== Directions ==
Exact copies of the records below are needed, free of pictures.

----------

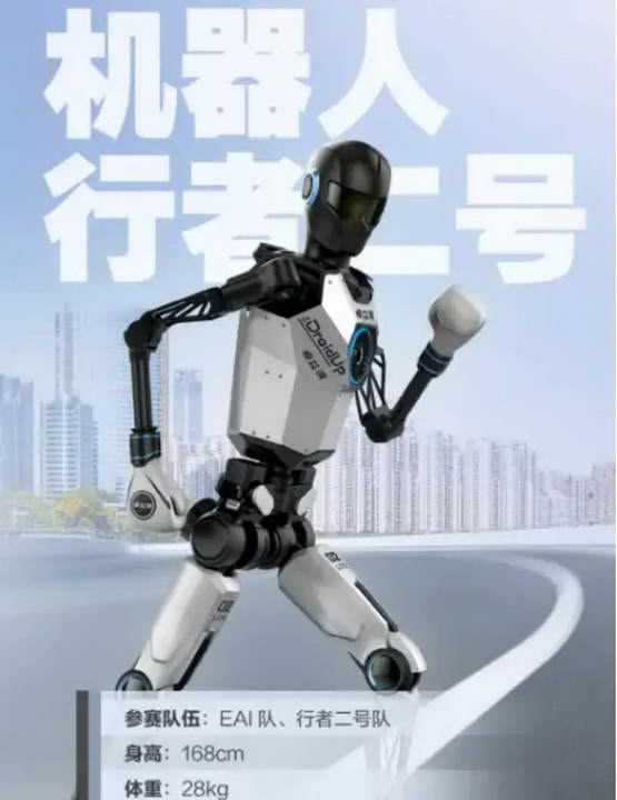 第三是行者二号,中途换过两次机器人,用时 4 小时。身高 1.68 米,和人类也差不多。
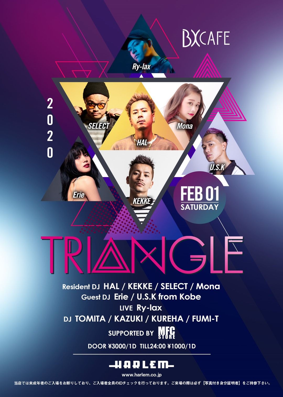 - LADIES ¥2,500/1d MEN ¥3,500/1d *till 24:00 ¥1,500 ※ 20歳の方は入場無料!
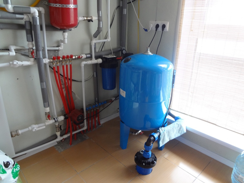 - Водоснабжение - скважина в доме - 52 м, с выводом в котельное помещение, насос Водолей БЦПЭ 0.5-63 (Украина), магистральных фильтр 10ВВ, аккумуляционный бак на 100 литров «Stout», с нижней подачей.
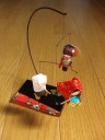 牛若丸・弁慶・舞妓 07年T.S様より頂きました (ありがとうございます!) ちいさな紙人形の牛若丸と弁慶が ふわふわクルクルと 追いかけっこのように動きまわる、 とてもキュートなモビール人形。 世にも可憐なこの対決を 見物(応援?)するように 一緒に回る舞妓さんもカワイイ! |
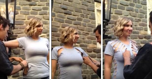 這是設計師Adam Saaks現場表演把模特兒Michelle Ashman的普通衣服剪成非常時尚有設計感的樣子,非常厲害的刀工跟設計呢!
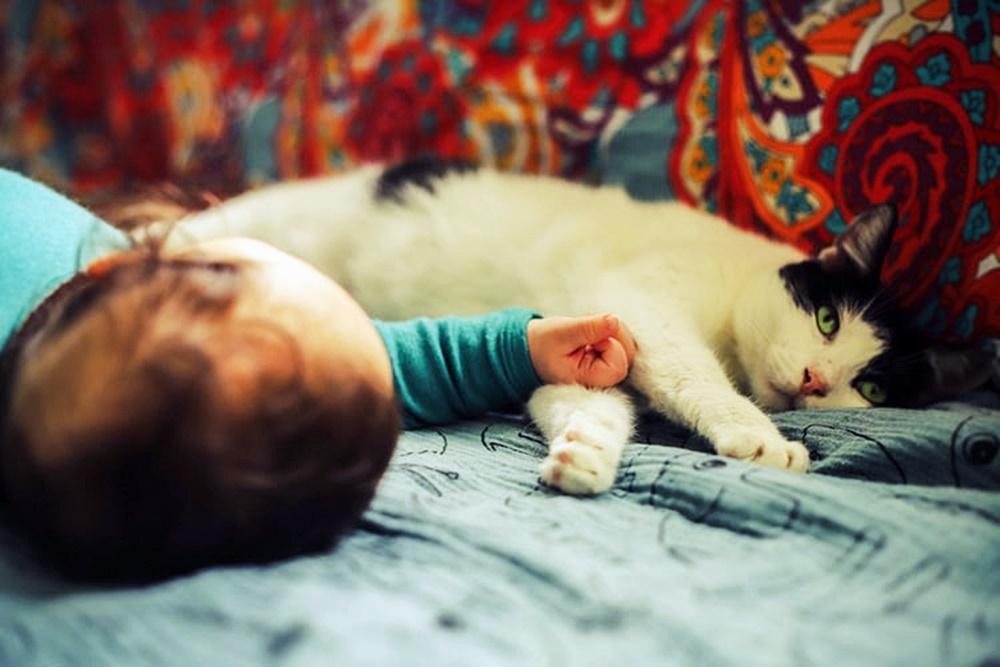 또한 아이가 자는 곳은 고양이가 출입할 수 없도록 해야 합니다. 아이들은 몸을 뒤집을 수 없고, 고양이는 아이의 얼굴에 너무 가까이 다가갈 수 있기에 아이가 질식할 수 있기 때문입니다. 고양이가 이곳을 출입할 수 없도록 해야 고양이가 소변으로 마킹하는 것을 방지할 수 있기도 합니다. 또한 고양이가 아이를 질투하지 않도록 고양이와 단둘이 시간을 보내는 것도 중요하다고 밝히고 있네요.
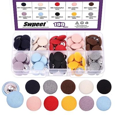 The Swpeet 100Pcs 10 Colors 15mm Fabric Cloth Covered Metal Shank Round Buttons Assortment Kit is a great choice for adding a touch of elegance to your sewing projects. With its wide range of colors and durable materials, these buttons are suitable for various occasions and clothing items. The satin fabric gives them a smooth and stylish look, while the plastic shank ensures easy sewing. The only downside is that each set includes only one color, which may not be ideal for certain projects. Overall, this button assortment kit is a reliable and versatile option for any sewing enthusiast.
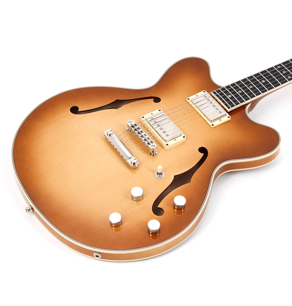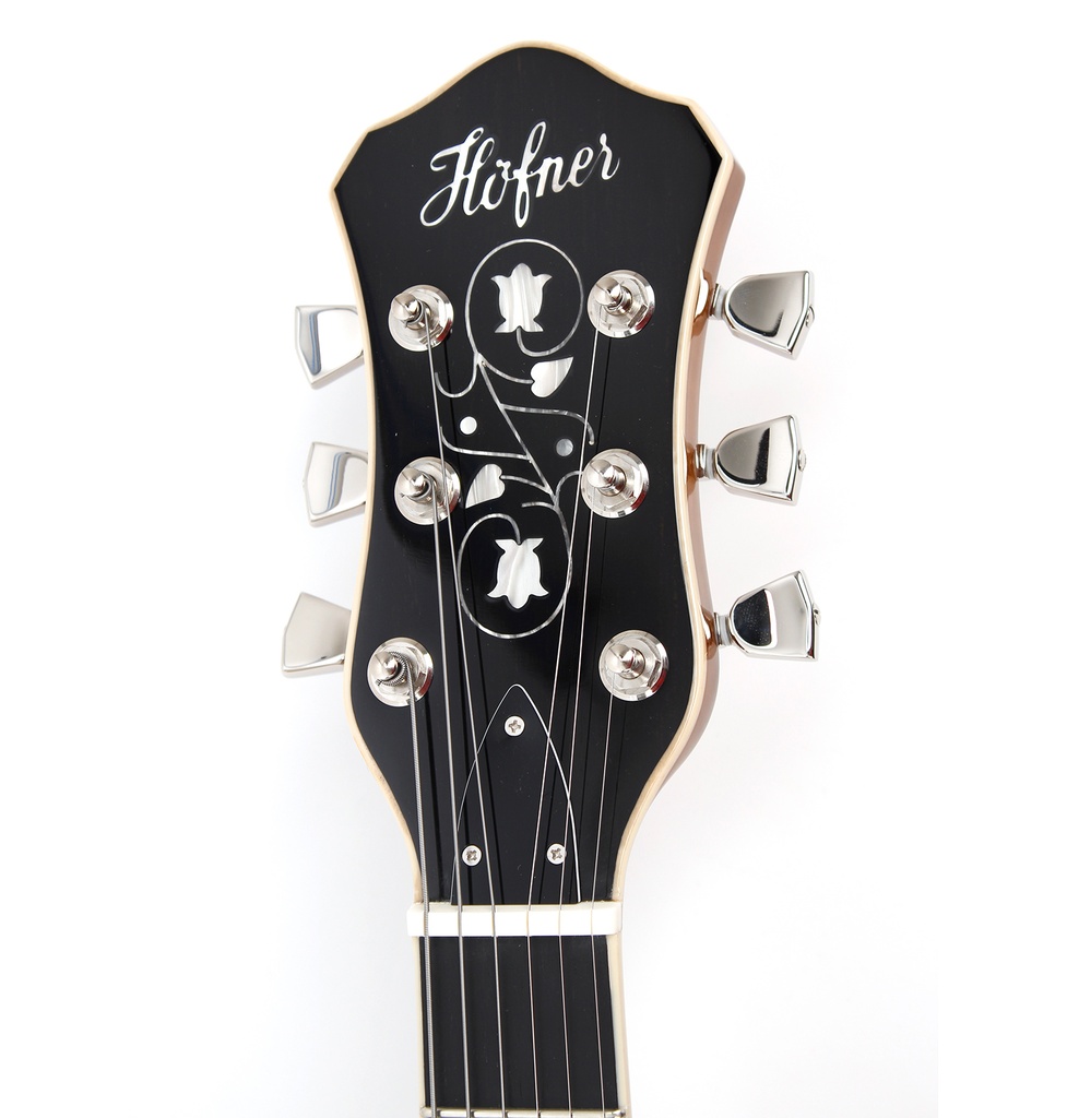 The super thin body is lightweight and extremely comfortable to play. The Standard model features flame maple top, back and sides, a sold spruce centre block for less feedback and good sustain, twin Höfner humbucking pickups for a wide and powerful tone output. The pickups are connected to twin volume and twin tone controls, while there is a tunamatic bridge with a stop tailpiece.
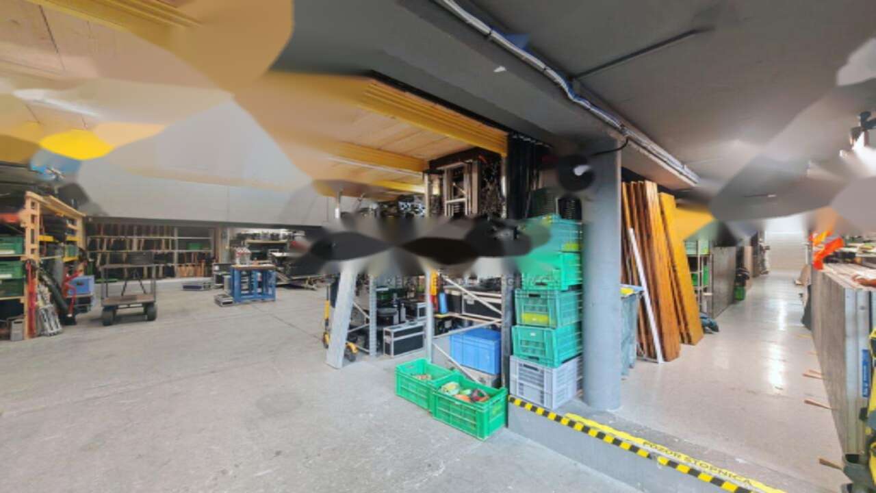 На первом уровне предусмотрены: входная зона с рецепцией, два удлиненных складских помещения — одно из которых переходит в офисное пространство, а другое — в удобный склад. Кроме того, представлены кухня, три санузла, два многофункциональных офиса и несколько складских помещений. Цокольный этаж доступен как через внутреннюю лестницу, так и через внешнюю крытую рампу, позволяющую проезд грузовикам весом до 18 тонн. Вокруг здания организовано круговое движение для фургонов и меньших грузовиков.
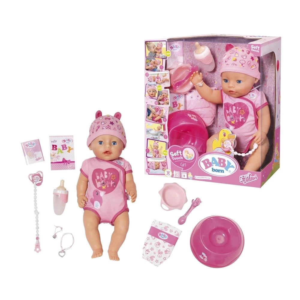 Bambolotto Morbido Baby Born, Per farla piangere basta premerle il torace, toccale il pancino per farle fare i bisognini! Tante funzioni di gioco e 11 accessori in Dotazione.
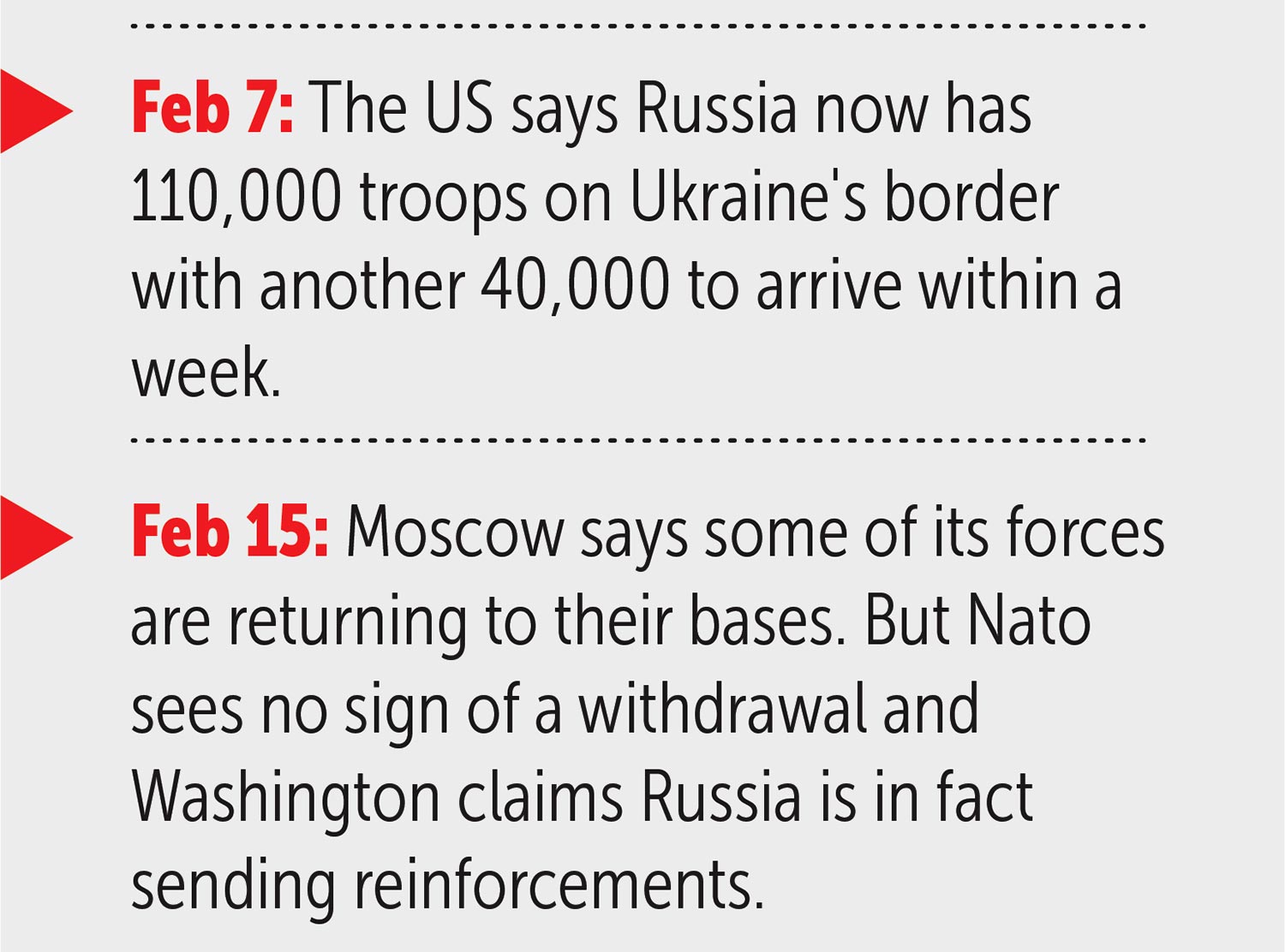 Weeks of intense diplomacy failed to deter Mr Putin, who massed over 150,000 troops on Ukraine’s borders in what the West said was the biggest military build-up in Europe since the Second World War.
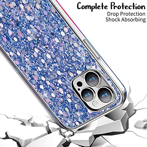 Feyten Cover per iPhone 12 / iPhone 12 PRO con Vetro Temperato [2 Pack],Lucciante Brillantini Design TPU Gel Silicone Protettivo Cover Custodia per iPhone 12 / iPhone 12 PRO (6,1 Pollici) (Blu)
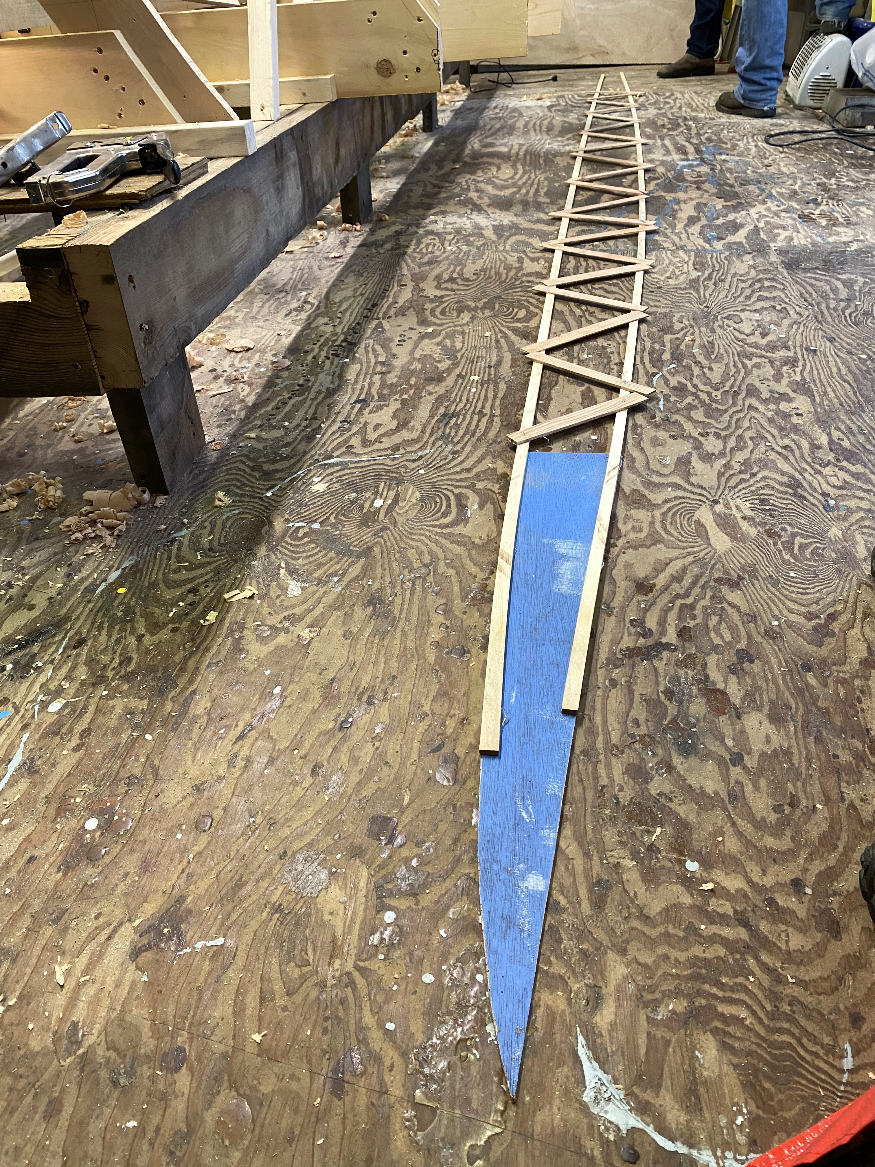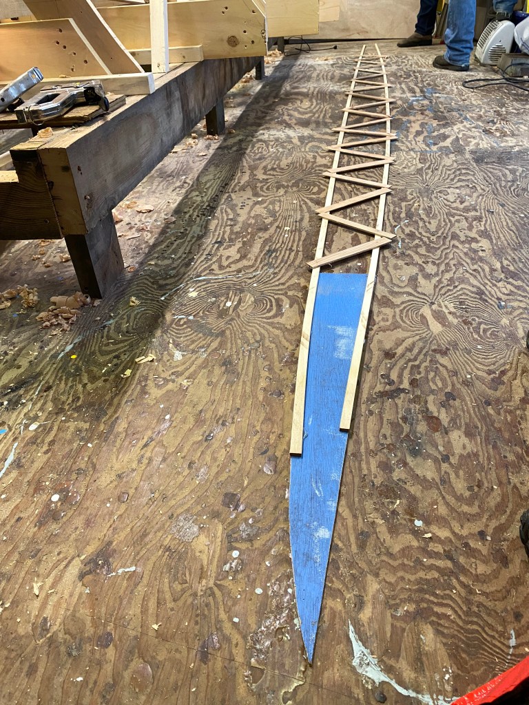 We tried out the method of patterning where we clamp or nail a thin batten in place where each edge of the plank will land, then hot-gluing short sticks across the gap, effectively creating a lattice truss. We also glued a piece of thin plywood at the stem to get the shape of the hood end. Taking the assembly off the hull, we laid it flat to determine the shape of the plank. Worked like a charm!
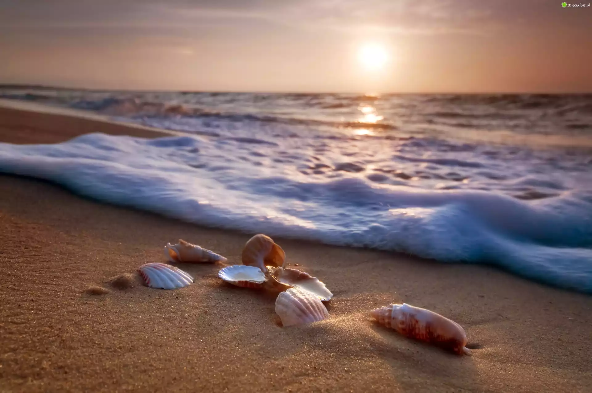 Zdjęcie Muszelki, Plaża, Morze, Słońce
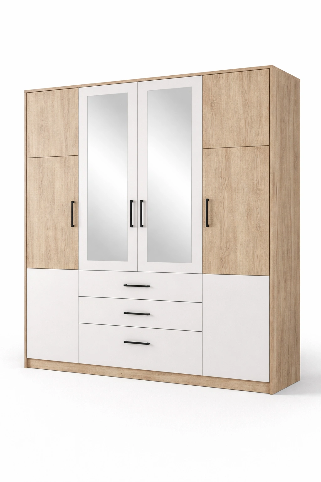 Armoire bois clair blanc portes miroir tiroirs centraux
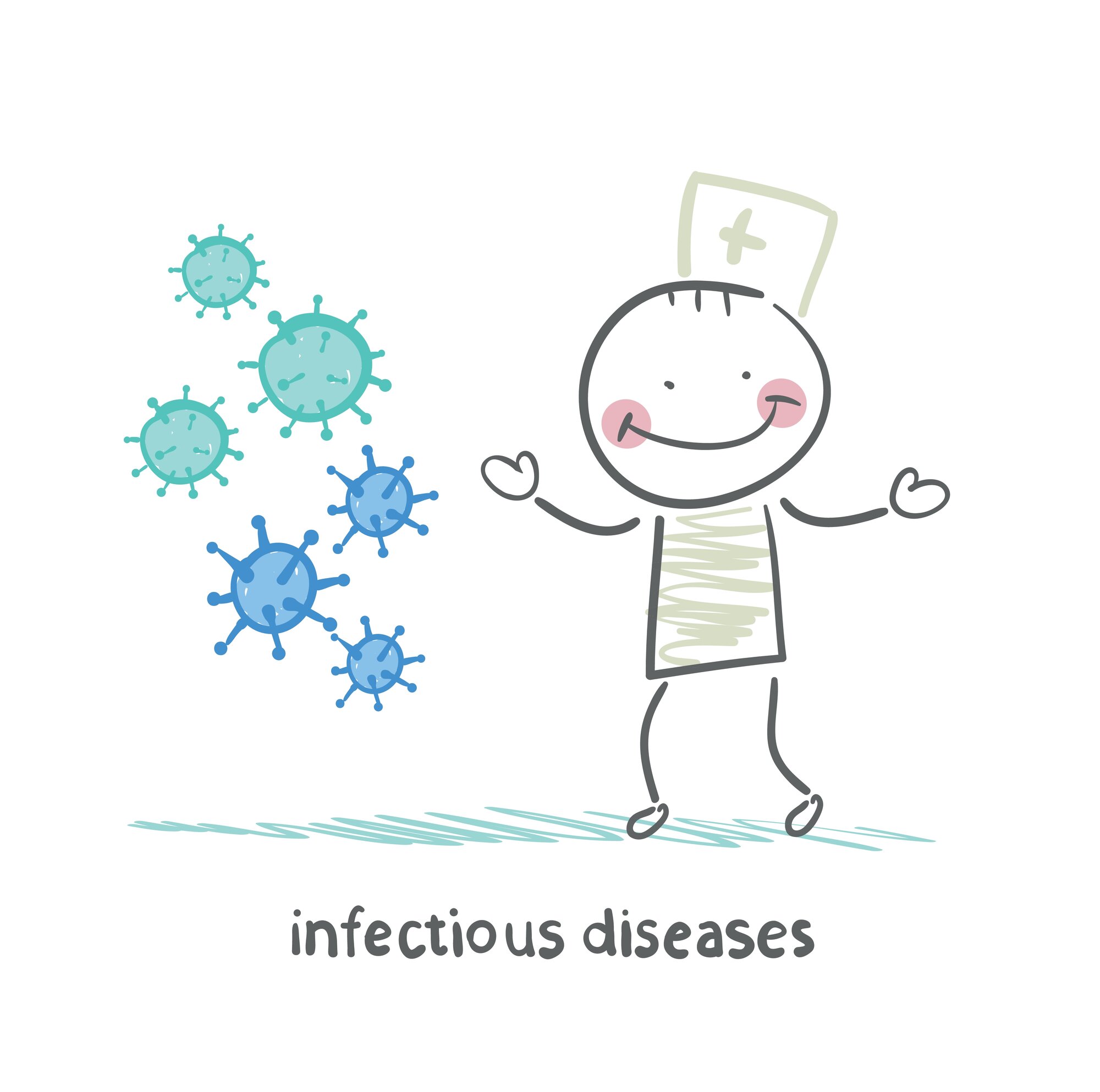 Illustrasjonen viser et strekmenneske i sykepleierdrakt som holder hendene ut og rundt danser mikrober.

----------

== Solution to this task ==
 第三是行者二号,中途换过两次机器人,用时 4 小时。身高 1.68 米,和人类也差不多。
 - LADIES ¥2,500/1d MEN ¥3,500/1d *till 24:00 ¥1,500 ※ 20歳の方は入場無料!
 - Водоснабжение - скважина в доме - 52 м, с выводом в котельное помещение, насос Водолей БЦПЭ 0.5-63 (Украина), магистральных фильтр 10ВВ, аккумуляционный бак на 100 литров «Stout», с нижней подачей.
 牛若丸・弁慶・舞妓 07年T.S様より頂きました (ありがとうございます!) ちいさな紙人形の牛若丸と弁慶が ふわふわクルクルと 追いかけっこのように動きまわる、 とてもキュートなモビール人形。 世にも可憐なこの対決を 見物(応援?)するように 一緒に回る舞妓さんもカワイイ! |
 這是設計師Adam Saaks現場表演把模特兒Michelle Ashman的普通衣服剪成非常時尚有設計感的樣子,非常厲害的刀工跟設計呢!
 또한 아이가 자는 곳은 고양이가 출입할 수 없도록 해야 합니다. 아이들은 몸을 뒤집을 수 없고, 고양이는 아이의 얼굴에 너무 가까이 다가갈 수 있기에 아이가 질식할 수 있기 때문입니다. 고양이가 이곳을 출입할 수 없도록 해야 고양이가 소변으로 마킹하는 것을 방지할 수 있기도 합니다. 또한 고양이가 아이를 질투하지 않도록 고양이와 단둘이 시간을 보내는 것도 중요하다고 밝히고 있네요.
 The Swpeet 100Pcs 10 Colors 15mm Fabric Cloth Covered Metal Shank Round Buttons Assortment Kit is a great choice for adding a touch of elegance to your sewing projects. With its wide range of colors and durable materials, these buttons are suitable for various occasions and clothing items. The satin fabric gives them a smooth and stylish look, while the plastic shank ensures easy sewing. The only downside is that each set includes only one color, which may not be ideal for certain projects. Overall, this button assortment kit is a reliable and versatile option for any sewing enthusiast.
 The super thin body is lightweight and extremely comfortable to play. The Standard model features flame maple top, back and sides, a sold spruce centre block for less feedback and good sustain, twin Höfner humbucking pickups for a wide and powerful tone output. The pickups are connected to twin volume and twin tone controls, while there is a tunamatic bridge with a stop tailpiece.
 На первом уровне предусмотрены: входная зона с рецепцией, два удлиненных складских помещения — одно из которых переходит в офисное пространство, а другое — в удобный склад. Кроме того, представлены кухня, три санузла, два многофункциональных офиса и несколько складских помещений. Цокольный этаж доступен как через внутреннюю лестницу, так и через внешнюю крытую рампу, позволяющую проезд грузовикам весом до 18 тонн. Вокруг здания организовано круговое движение для фургонов и меньших грузовиков.
 Bambolotto Morbido Baby Born, Per farla piangere basta premerle il torace, toccale il pancino per farle fare i bisognini! Tante funzioni di gioco e 11 accessori in Dotazione.
 Weeks of intense diplomacy failed to deter Mr Putin, who massed over 150,000 troops on Ukraine’s borders in what the West said was the biggest military build-up in Europe since the Second World War.
 Feyten Cover per iPhone 12 / iPhone 12 PRO con Vetro Temperato [2 Pack],Lucciante Brillantini Design TPU Gel Silicone Protettivo Cover Custodia per iPhone 12 / iPhone 12 PRO (6,1 Pollici) (Blu)
 We tried out the method of patterning where we clamp or nail a thin batten in place where each edge of the plank will land, then hot-gluing short sticks across the gap, effectively creating a lattice truss. We also glued a piece of thin plywood at the stem to get the shape of the hood end. Taking the assembly off the hull, we laid it flat to determine the shape of the plank. Worked like a charm!
 Zdjęcie Muszelki, Plaża, Morze, Słońce
 Armoire bois clair blanc portes miroir tiroirs centraux
 Illustrasjonen viser et strekmenneske i sykepleierdrakt som holder hendene ut og rundt danser mikrober.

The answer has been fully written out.